Continue this way, we can see that the claim is true.

Is there any easier way to see relation? The proof in my book did it in one step...

I am thinking something along the line where we can use the property of $\backslash$ to directly show $(B_1\backslash B_2) \cup (B_1 \backslash B_3) = B_1 \backslash (B_2 \cap B_3)$

Answer 1

This holds even without nested condition on $B_n$. \begin{align} \bigcup_{n=1}^{\infty}A_n&=\bigcup_{n=1}^{\infty}(B_1-B_n) \\ &=\bigcup_{n=1}^{\infty}(B_1\cap B_n^c) \\ &=B_1\cap\bigcup_{n=1}^{\infty}B_n^c \\ &=B_1\cap\left(\bigcap_{n=1}^{\infty}B_n\right)^c \\ &=B_1-\bigcap_{n=1}^{\infty}B_n \end{align}

Answer 2

Suppose $x\in\cup_{n=1}^\infty A_n$. Then $x\in A_m=B_1\backslash B_m$ for some $m>1$. That is $x\in B_1$ and $x\not\in B_m$. This implies $x\in B_1$ and $x\not\in\cap_{n=1}^\infty B_n$. This gives one direction of inclusion.

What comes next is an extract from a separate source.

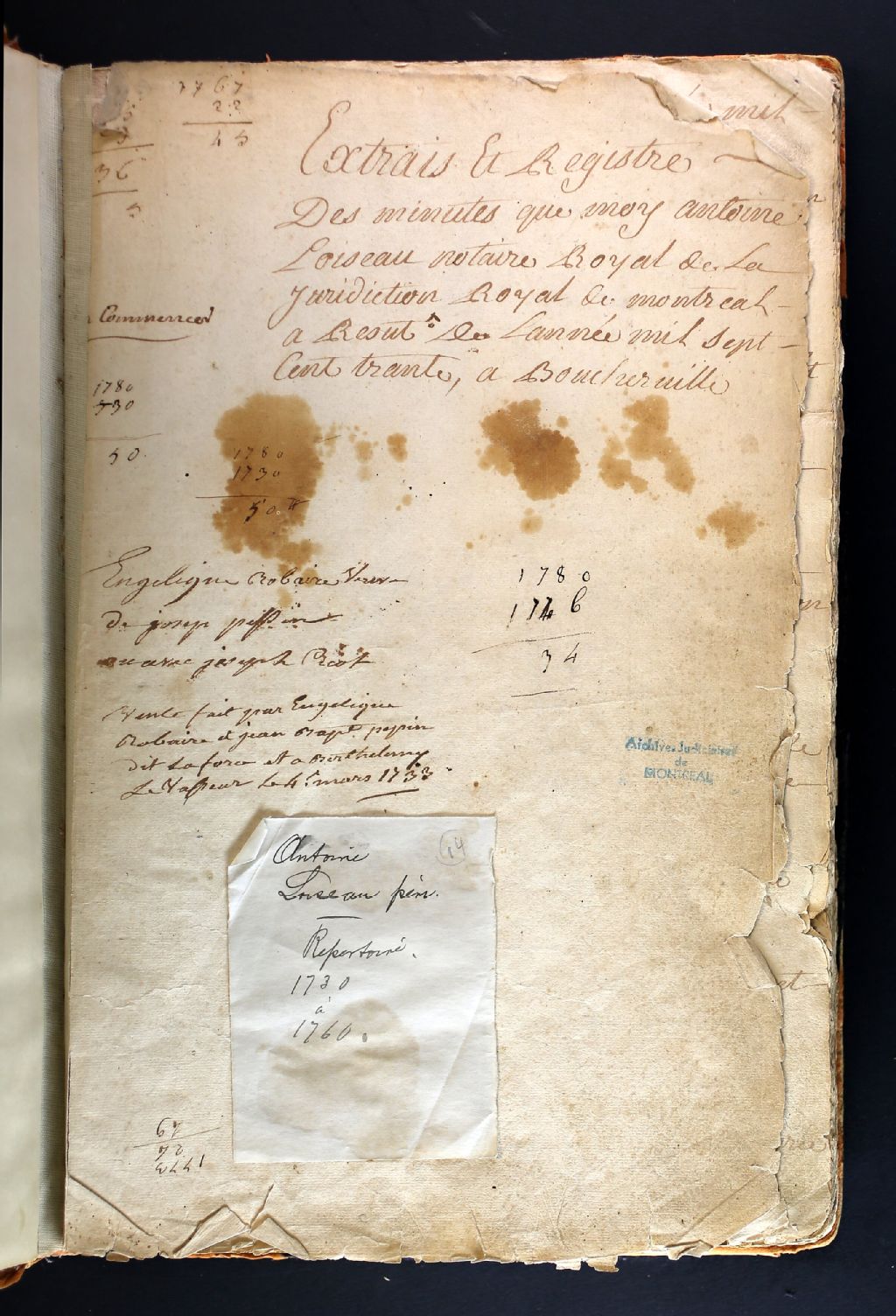 Antoine Loiseau dit Châlons, 1730-1760, Archives nationales à Montréal, Fonds Cour supérieure. District judiciaire de Montréal. Greffes de notaires, (06M,CN601,S266).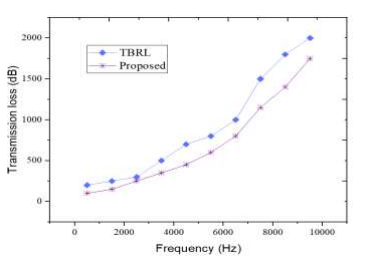The comparison of transmission loss with the existing protocol TBRL is shown in Figure 11. Compared to the TBRL method, the proposed EBbHR achieved a very low transmission loss rate at each varying frequency. The proposed EBbHR attains the transmission loss of 100 dB, 150 dB, 250 dB, 350 dB, 450 dB, 600 dB, 800 dB, 1150 dB, 1400 dB, and 1750dB for the different frequencies such as 500 Hz, 1500 Hz, 2500 Hz, 3500 Hz, 4500 Hz, 5500 Hz, 6500 Hz, 7500 Hz, 8500 Hz, and 9500 Hz.

Conversely, suppose $x\in B_1$ and $x\not\in\cap_{n=1}^\infty B_n$. Then, there is some $m>1$ such that $x\not\in B_m$. And so $x\in A_m$ and we have the reverse inclusion.

So a one-step argument can be written as follows $$ x\in\text{LHS}\iff x\in B_1\;\&\;\exists m>1,\;x\not\in B_m \iff x\in B_1\;\&\;x\not\in\cap_{n=1}^\infty B_n\iff x\in\text{RHS}. $$